Starting a blog, your mind filled with hopes and plans for how many visitors you will gain, improving each week, and the promise of a hundred followers in X amount of time. Reality usually finds you searching for topics, trying to figure out why one post got a dozen visits and another only got one, all the while wishing that dozen were the lower number. Even frantic google searches for how to succeed at blogging are little help, especially when you aren’t an expert in the key niches, but simply a writer trying to quit your day job.

Finally finishing a good book, enjoying those closing moments as everything wraps up and the tension dissipates… only to immediately wish it wasn’t over. Wanting desperately to return to friendships developed over hundreds of pages, the company of those individuals you came to know so intimately over the course of events. Missing the vivid landscapes, perilous events, and heartfelt individuals experienced within your mind.
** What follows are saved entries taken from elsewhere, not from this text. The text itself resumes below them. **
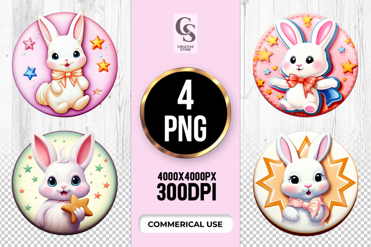 4 Cute Bunny With Stars Clipart Sublimation PNG Files Perfect for Greeting Cards, Invitations, Junk Journal, Party Decor, Scrapbooking and many other craft projects.
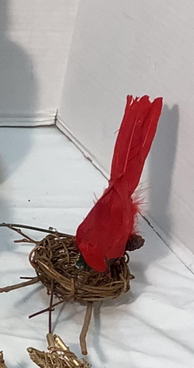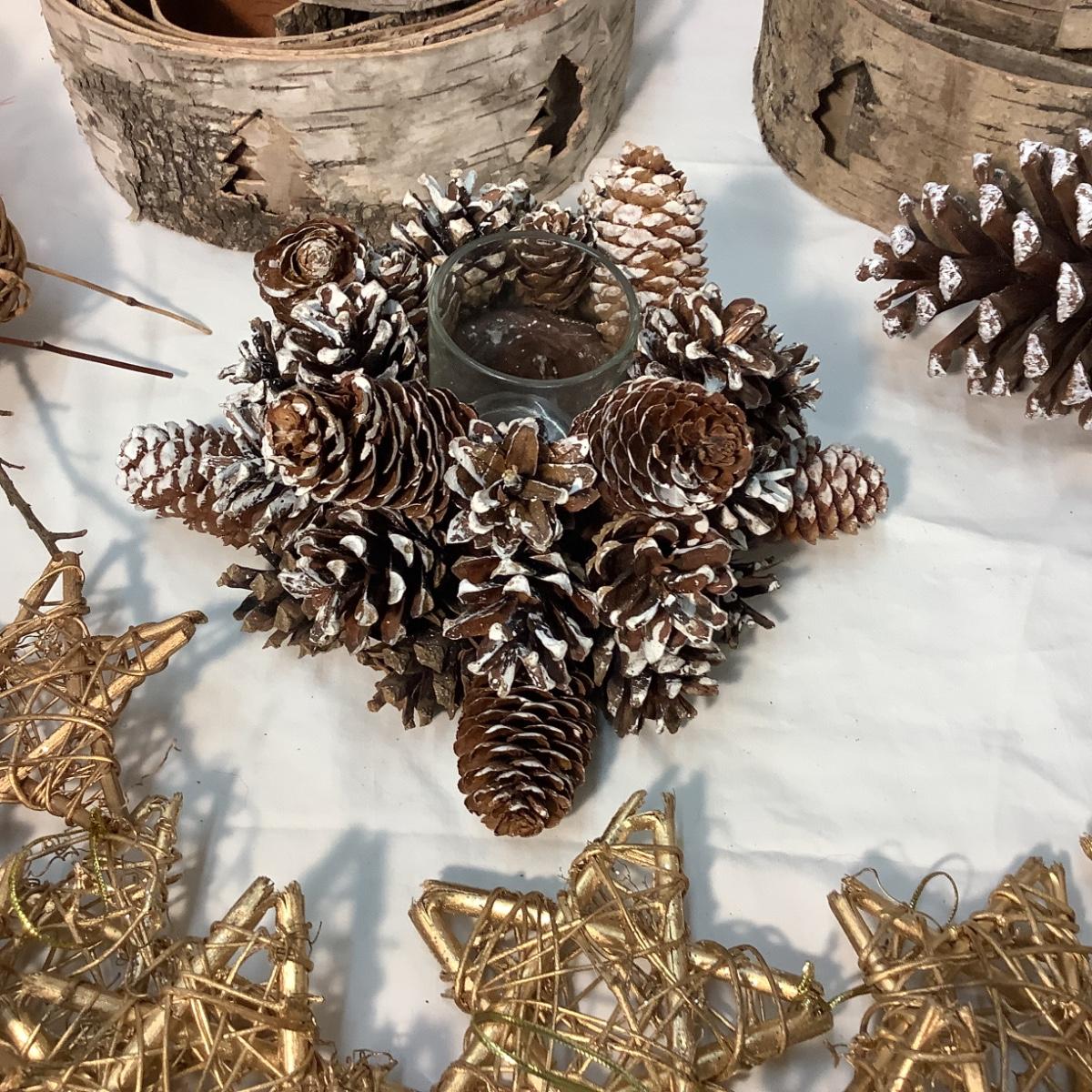 Lot 1564 Lot of Christmas Decor, Bark Garland / Twig Gold Stars / Cardinal with Nest / Pinecone Candle Holder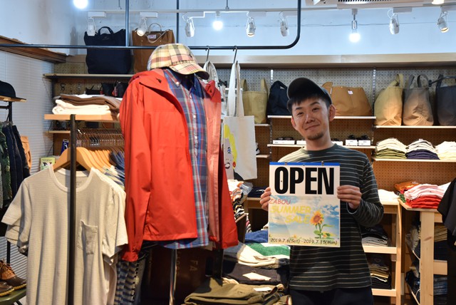 好評開催中の「ZABOU SUMMER SALE2019! 皆さま存分にお楽しみいただけてますでしょうか? いよいよ明日が最終日となります。まだまだお得でエエもんたくさん揃っていますので、是非ともこの機会にお買い物をお楽しみくださいませー! Candidium(カンディディウム) 3B テーラードジャケット 定価¥38,880-の30%OFF⇒¥27,216- ●ARBLE(アルブル)マドラスチェック プルオーバーシャツ  定価¥19,440-の30%OFF⇒¥13,608- SPINNER BAIT(スピナーベイト)Vネックカーディガン 定価¥12,960-の30%OFF⇒¥9,072-Candidium(カンディディウム) ニットカーディガン 定価¥14,040-の30%OFF⇒¥9,828- SPINNER BAIT(スピナーベイト)ボーダークルーネックTシャツ 七分袖 定価¥7,344-の30%OFF⇒¥5,140-SPINNER BAIT(スピナーベイト)ボーダークルーネックTシャツ半袖 定価¥6,480-の30%OFF⇒¥4,536- GIBBS SMITH(ギブススミス) トートバッグ 定価¥4,752-の30%OFF⇒¥3,326-La Casa Cotzal(ラカーサコッツァル)トートバッグ 定価¥7,344-の30%OFF⇒¥5,140- 皆さまのご来店をお待ちしております。 ⇒「ZABOU SUMMER SALE2019!」本日より開催です!ZABOU style 2019 ~SUMMER SALE おすすめアイテム!~SUMMER SALE おすすめアイテム!-坂口編ー「ZABOU SUMMER SALE2019!」 セールおすすめ商品。(城所編) 【ZABOU SUMMER SALE!! 2018】 期間:2019年7月6日(土)~7月15日(月) 時間:12時~20時 場所:ZABOU OSAKA、ZABOU TOKYO、ZABOU WEB SHOP 大阪店インスタアカウント@ZABOUOSAKA13 東京店インスタアカウント@ZABOUTOKYO ☆通販で購入、商品詳細など詳しく見る! ⇒ZABOU WEB SHOP(ウェブショップ) 通販サイト ☆実店舗へのご案内、お店までへの行き方を地図や動画でご紹介! ⇒ZABOUのお店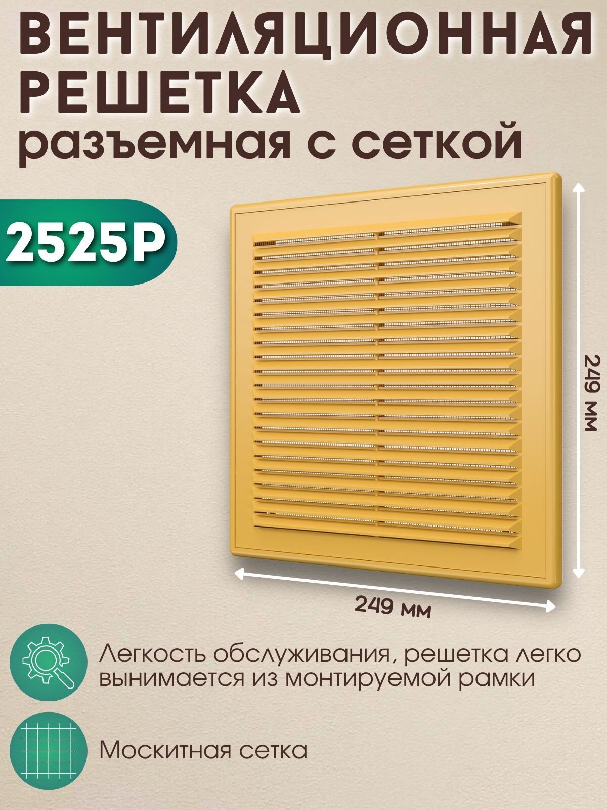СохранитьВентиляционная решетка 250х250 разъемная с сеткой 2525Р пластик бежевая интересное: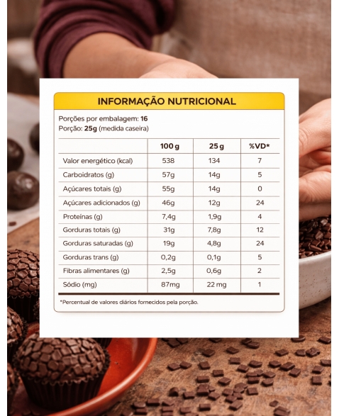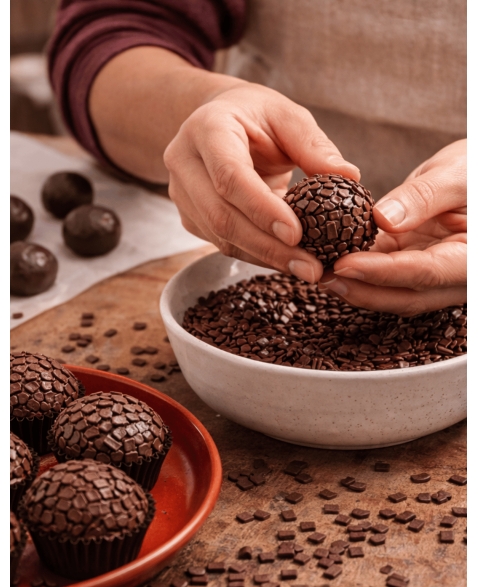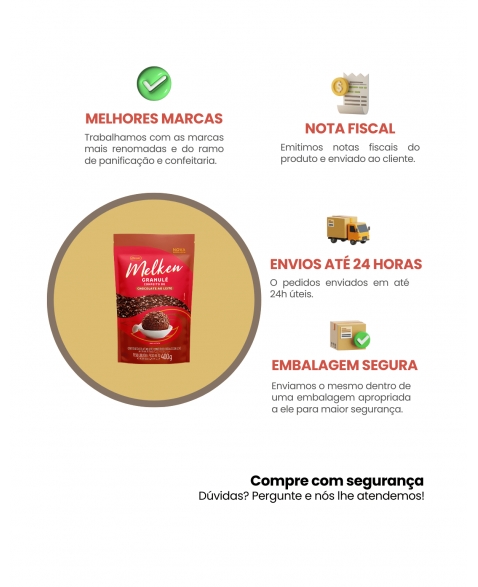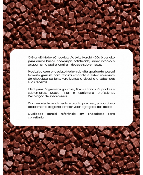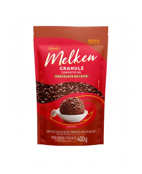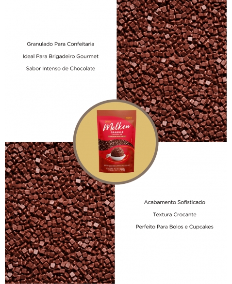 Produzido com o chocolate nobre, o Granulé Melken é um acabamento gourmet que finaliza e decora com elegância, sendo ideal para cobrir docinhos moldados, brigadeiros, doces de colher.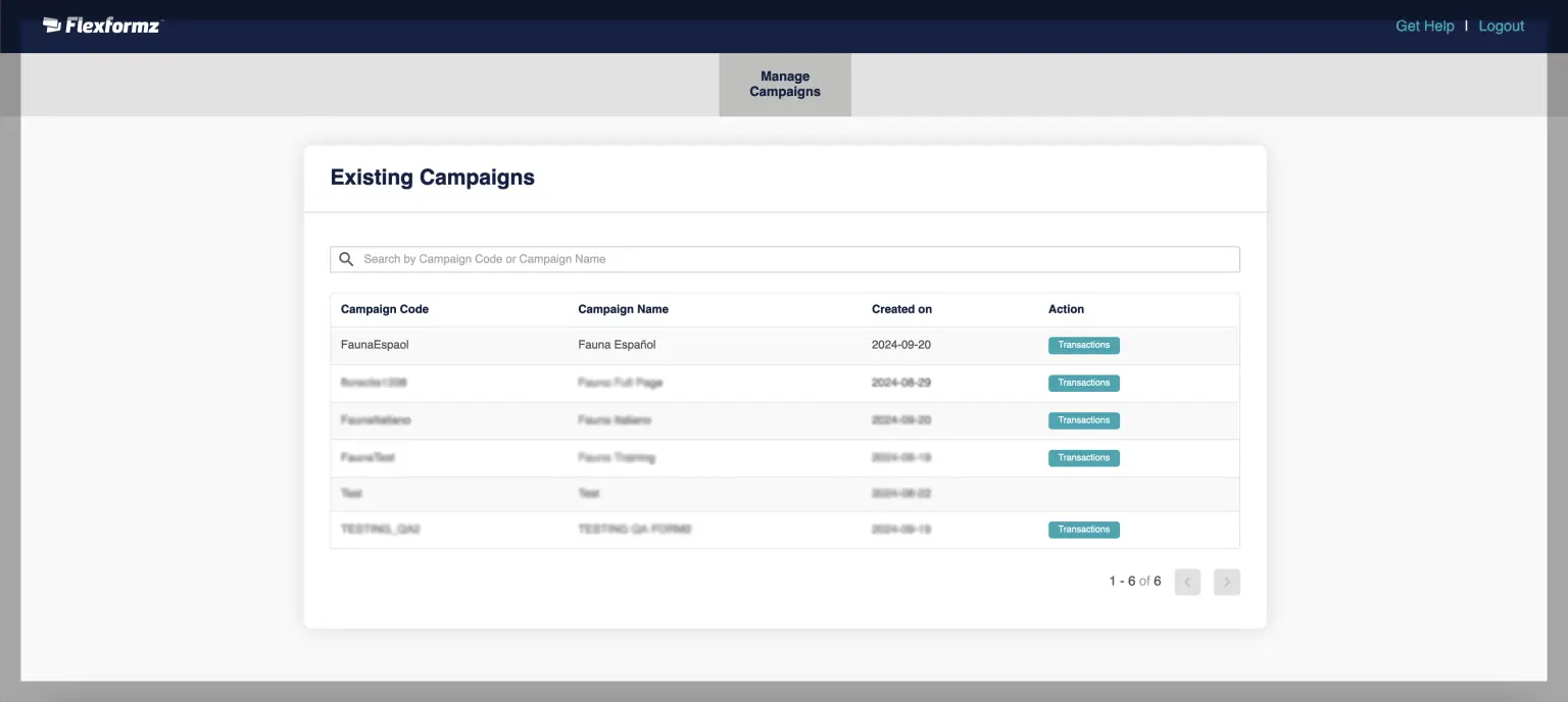 - View Campaign transactions: Allows the Agent to manage campaign results, use filters, and export those results for the assigned campaign. The view is similar to the one in the Reporting section on the Dashboard but is limited to the campaign assigned to that Agent.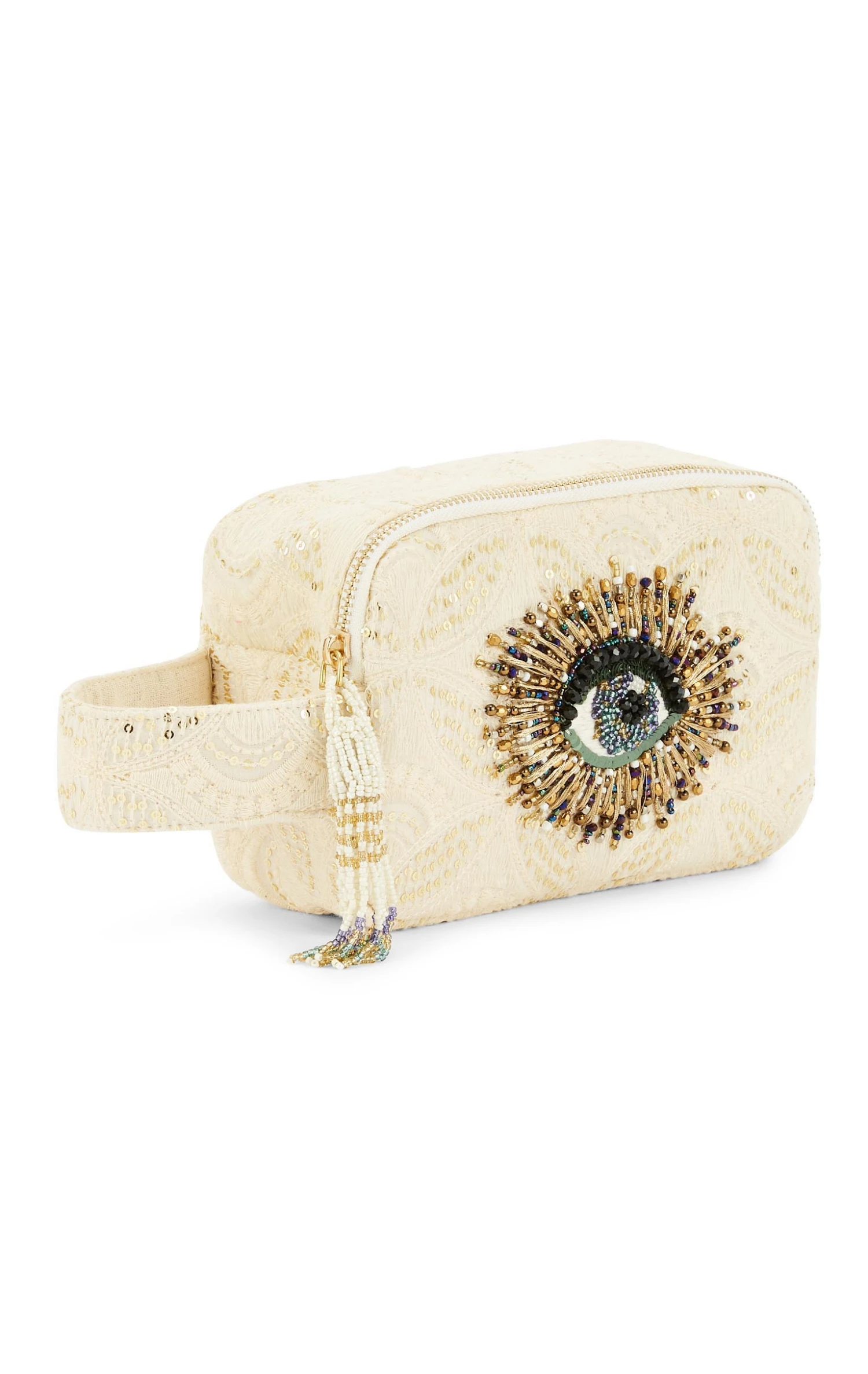 La trousse Lucian, aux allures de vanity chic, reprend les codes de notre thème Comète et se pare de ses motifs de constellation entièrement brodés. Son puller réhaussé d’un très joli pompon en perles de rocaille parfait cette pièce précieuse et unique.

Being separated from someone you care about, but figure you’ll enjoy the alone time. At first you think of all the annoying things about that person, convincing yourself you’ll be just fine solo. Then you sit down to watch a show they didn’t like and start thinking about them. They’d be on their phone right now, sitting next to you, every so often interrupting to ask what’s going on (since they’ve been ignoring it until something major happens).

Sleeping alone after months of cuddling, you think it will be nice to have the whole bed to yourself for a while, but find yourself missing a comforting presence. Even asleep you search for them, scooting all over the bed in search of that solidity. A chill settles at your back where they had provided warmth. Your arms fail to provide the solidity offered by a protective band around your chest.

Missing someone sneaks up on you, catching you unawares in the quiet moments, springing leaks that aren’t really crying, but still leave traces down your cheeks and wet your pillow. No amount of preparation is enough for the sheer emptiness of losing someone’s presence.